As like core histones, linker histone H1 also undergoes several post translational modifications which alter its affinity towards the chromatin. Modifications found in H1 primarily include phosphorylation, acetylation, methylation, ubiquitination, formylation and citrullination (Figure 11) [105]. Phosphorylation is the most intensively studied modification of histone H1 and phosphorylated residues are found in all three domains ; however, their numbers and position may differ between variants. H1 phosphorylation has been suggested to play vital role in chromatin condensation, DNA replication, transcriptional regulation, DNA repair, apoptosis and ATP-dependent chromatin remodeling[106-109]. In cell, H1 phosphorylation is a reversible process and their levels increase to maximum level during G2 to mitosis phase and abruptly decrease soon after mitotic telophase[43]. Low level H1phosphorylation in S-phase drives H1 binding to DNA and causes chromatin de-condensation to promote DNA replication [110]. Hyperphosphorylation of H1 in mitotic phase induces chromatin condensation and promotes proper segregation of chromatids [110, 111]. Effects mediated by H1 phosphorylation are due to change in electrostatic charges and conformational changes in the structure especially in CTD. Phosphorylation of CTD reduces the proportion of α-helix and increases the β-sheet content resulting in alteration of the affinity towards DNA[112]. In addition, phosphorylation was also shown to affect transcription of mouse mammary tumor virus promoter (MMTV). In this particular case H1 phosphorylation increases transcription rate via improving the nucleosome positioning in vitro and promotes transcription through ATP dependent remodelers [113, 114].

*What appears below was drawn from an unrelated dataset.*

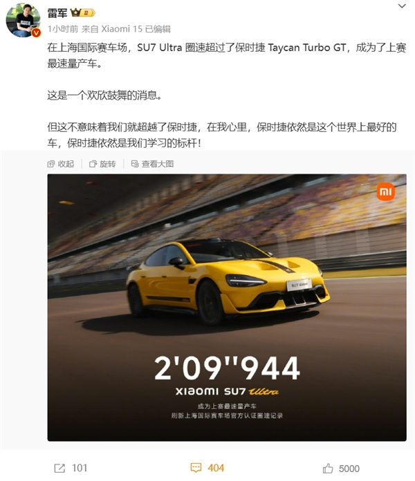 小米CEO雷军发文:在上海国际赛车场,SU7 Ultra圈速超过了保时捷Taycan Turbo GT,成为了上赛最速量产车。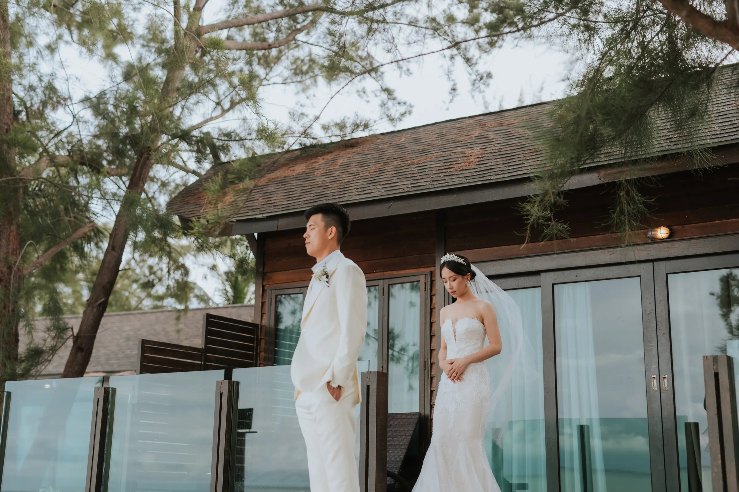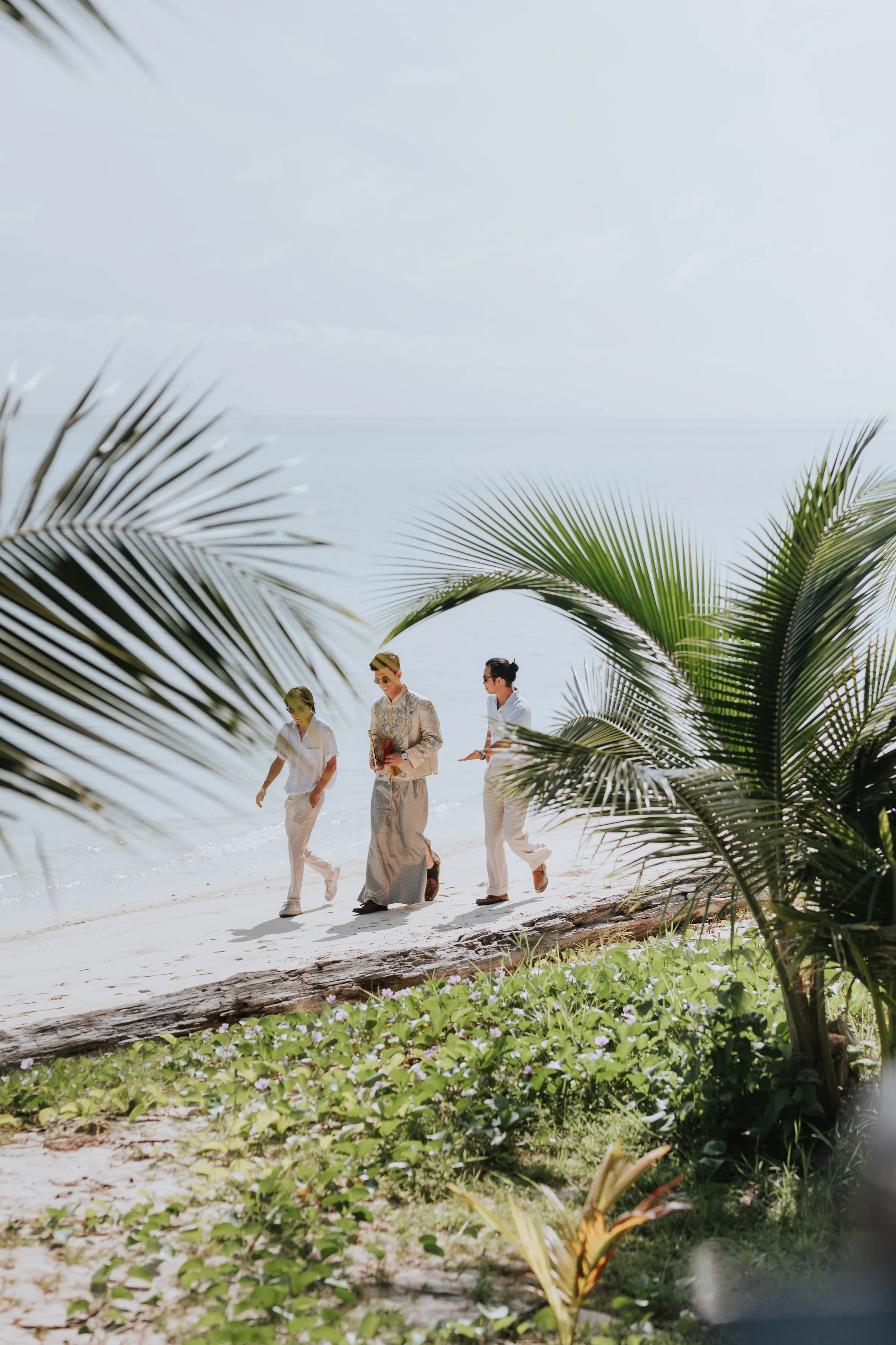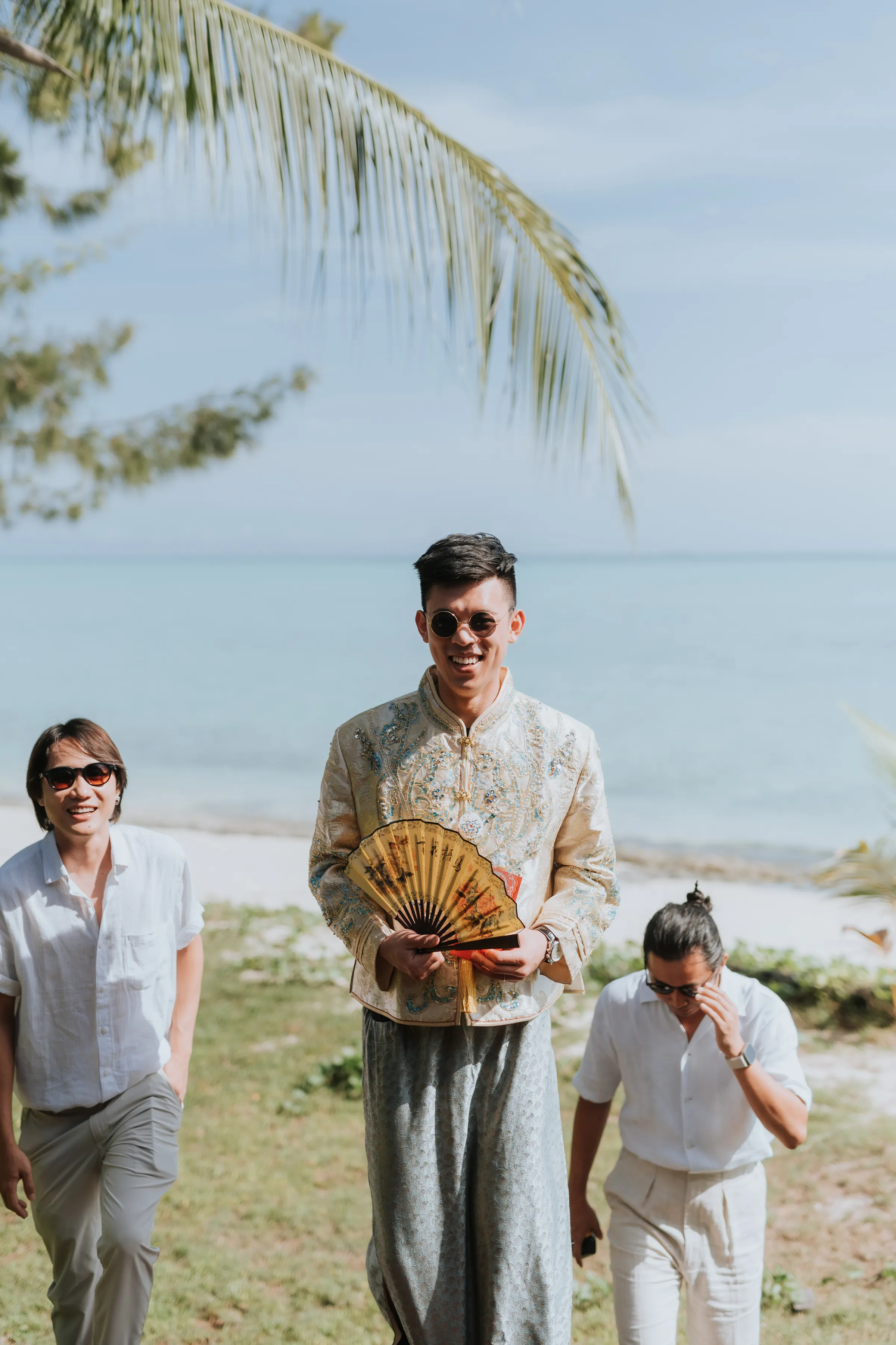 To overcome the issue of logistics, a bridesmaid did Sissi’s hair whilst she did her own makeup. The couple planned their own wedding remotely and entrusted the staff at Mataking Reef Resort with the heavy-lifting on the day. Austin’s groomsmen decorated the bridal room whilst they observed the traditional Chinese practice of picking up the bride in a most modest fashion.

H1 functional regulation through other PTMs like acetylation, methylation and citrullination are very little known as compared to the regulation by phosphorylation. Specific acetylation of K43in H1.4 found in promotor of active genes promotes H1 mobility and stimulates transcription through genera transcription factors recruitment [115]. Specific deacetylation and methylation of K26 in H1 by Polycomb repressive complex promotes the transcription repression by triggering H1binding with heterochromatin protein HP1 [116-118]. Citrullination of arginine 54 causes massive H1 dissociation from chromatin resulting drastic changes in the chromatin organization [119]. H1 formylation also have been

(35)

33 

demonstrated during the DNA damage response however their precise role is not yet clear [120, 121].

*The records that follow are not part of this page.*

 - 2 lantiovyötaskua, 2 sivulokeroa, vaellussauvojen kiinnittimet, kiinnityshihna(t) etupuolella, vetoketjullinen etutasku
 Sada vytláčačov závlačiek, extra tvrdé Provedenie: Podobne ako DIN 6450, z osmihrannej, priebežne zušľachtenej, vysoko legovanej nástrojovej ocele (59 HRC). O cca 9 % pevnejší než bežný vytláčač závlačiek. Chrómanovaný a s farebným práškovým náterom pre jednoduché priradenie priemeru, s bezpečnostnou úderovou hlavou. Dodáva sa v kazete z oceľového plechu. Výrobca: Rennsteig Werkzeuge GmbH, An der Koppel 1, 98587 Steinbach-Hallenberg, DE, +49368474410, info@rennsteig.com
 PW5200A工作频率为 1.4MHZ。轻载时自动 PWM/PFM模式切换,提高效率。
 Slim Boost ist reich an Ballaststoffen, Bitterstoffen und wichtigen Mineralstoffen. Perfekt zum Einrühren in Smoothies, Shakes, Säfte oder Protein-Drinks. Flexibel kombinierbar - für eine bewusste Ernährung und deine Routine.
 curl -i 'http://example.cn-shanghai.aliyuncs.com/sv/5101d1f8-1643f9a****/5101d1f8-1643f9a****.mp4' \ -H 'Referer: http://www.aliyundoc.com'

Figure 11: Linker histone H1.5 post-translational modifications. Me—methylation, Ac—Acetylation, Ph— phosphorylation, Fo—formylation, Cr—crotonylation, Hib—2hydroxyisobutyrylation, Ub— ubiquitination, Cit—citrullination, Su—succinylation, Ar—ADPribosylation, OH—hydroxylation. The boxes indicate the globular domain. Figure adapted from [104].

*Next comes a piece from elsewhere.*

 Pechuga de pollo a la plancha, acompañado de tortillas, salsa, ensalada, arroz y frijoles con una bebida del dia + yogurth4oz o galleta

I.7 Structure of the 30-nm chromatin fiber

The 30 nm-chromatin fiber is the next higher level of compaction achieved by genome after the “11 nm beads on string” confirmation. Existence of 30 nm fiber form the major fraction of interphase DNA in which most of the important biological process like transcription, DNA repair and replication take place. For the past 3 decades the structure of chromatin fiber has been studied using various methodologies including small angle X-ray scattering (SAXS), neutron scattering, X-ray crystallography, and direct imaging techniques (fluorescence, electron, cryo-electron and atomic force microscopy). Based on the experimental evidences, several models have been proposed to explain how nucleosomes folded into 30 nm chromatin fiber. They are classified into two major categories: first one is the one-start model in which nucleosome arrays are coiled with bent linker DNA and consecutive nucleosomes are arranged next to each other. Solenoid model and super coiled linker model are best examples for one start model [122, 123]. The second one is two-start model/zigzag model in which nucleosome arrays are assembled in a zigzag manner with straight linker DNA connecting two adjacent stacks of helically arranged nucleosome cores. Based on the twisting and coiling nucleosome stacks this model is further divided into 2 sub-classes : 1) Crossed-Linker Model and 2) Helical/ Twisted-Ribbon Model (Figure 12).

(36)

Figure 12: Models for the 30nm chromatin fiber structure. The image shows longitudinal views above and axial views below. (a) Solenoid model, (b) Crossed-linker model and (c) Helical ribbon model. Figure adapted from [124].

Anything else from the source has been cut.